→ **Activity**:
Starting with the line with "2022年5月26日,天津市" in the entries below and going on through the line with "家具調仏壇(都市型仏壇)に4納められた大日如来の仏像 真言宗", output every line exactly and nothing more. No pictures.

→ **Input for this task**:
+===+

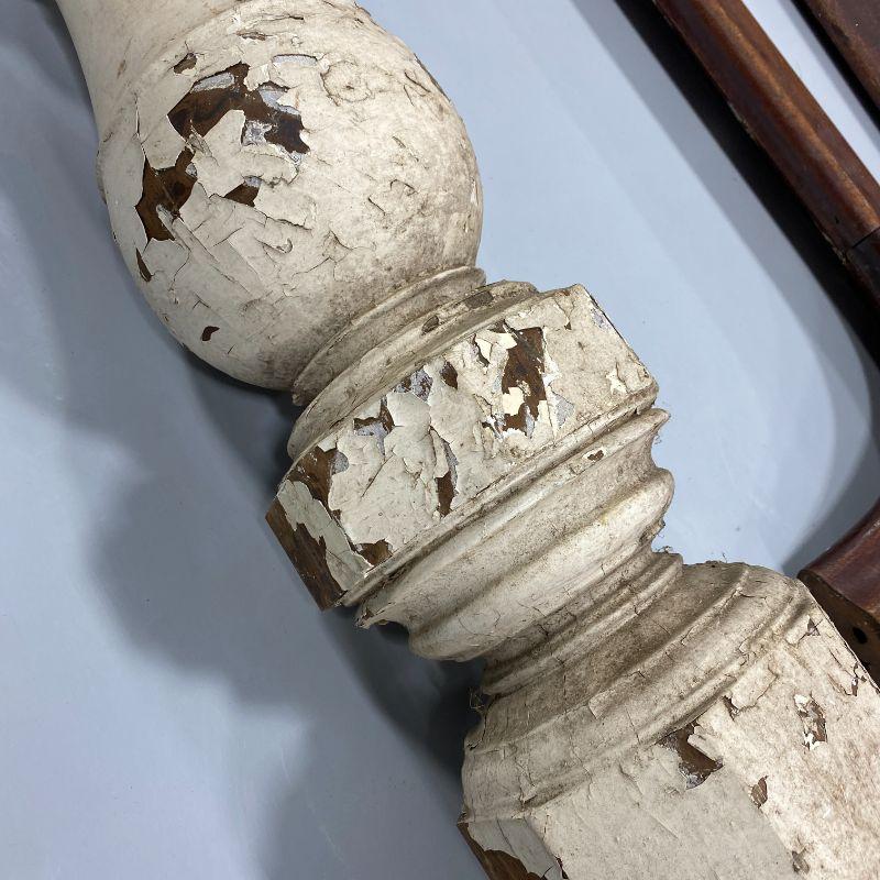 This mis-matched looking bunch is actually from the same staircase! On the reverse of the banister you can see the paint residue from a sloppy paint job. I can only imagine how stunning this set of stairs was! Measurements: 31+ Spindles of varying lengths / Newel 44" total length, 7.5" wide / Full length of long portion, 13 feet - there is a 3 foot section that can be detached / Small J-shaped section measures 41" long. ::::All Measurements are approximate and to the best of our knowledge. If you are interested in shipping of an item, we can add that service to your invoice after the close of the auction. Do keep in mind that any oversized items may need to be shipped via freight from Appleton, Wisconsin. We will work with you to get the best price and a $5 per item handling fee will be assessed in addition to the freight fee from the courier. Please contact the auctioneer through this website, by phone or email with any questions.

+===+

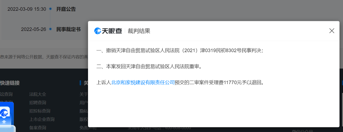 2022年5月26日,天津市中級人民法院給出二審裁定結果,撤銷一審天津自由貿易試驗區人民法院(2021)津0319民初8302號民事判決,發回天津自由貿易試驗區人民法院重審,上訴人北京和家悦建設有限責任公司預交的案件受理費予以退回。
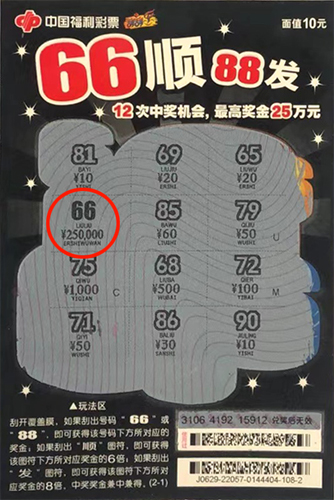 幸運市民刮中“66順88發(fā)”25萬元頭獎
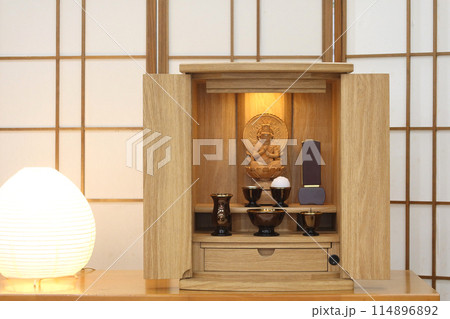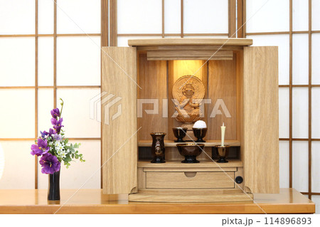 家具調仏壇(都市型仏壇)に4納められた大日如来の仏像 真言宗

+===+

→ **Response to the task**:
 2022年5月26日,天津市中級人民法院給出二審裁定結果,撤銷一審天津自由貿易試驗區人民法院(2021)津0319民初8302號民事判決,發回天津自由貿易試驗區人民法院重審,上訴人北京和家悦建設有限責任公司預交的案件受理費予以退回。
 幸運市民刮中“66順88發(fā)”25萬元頭獎
 家具調仏壇(都市型仏壇)に4納められた大日如来の仏像 真言宗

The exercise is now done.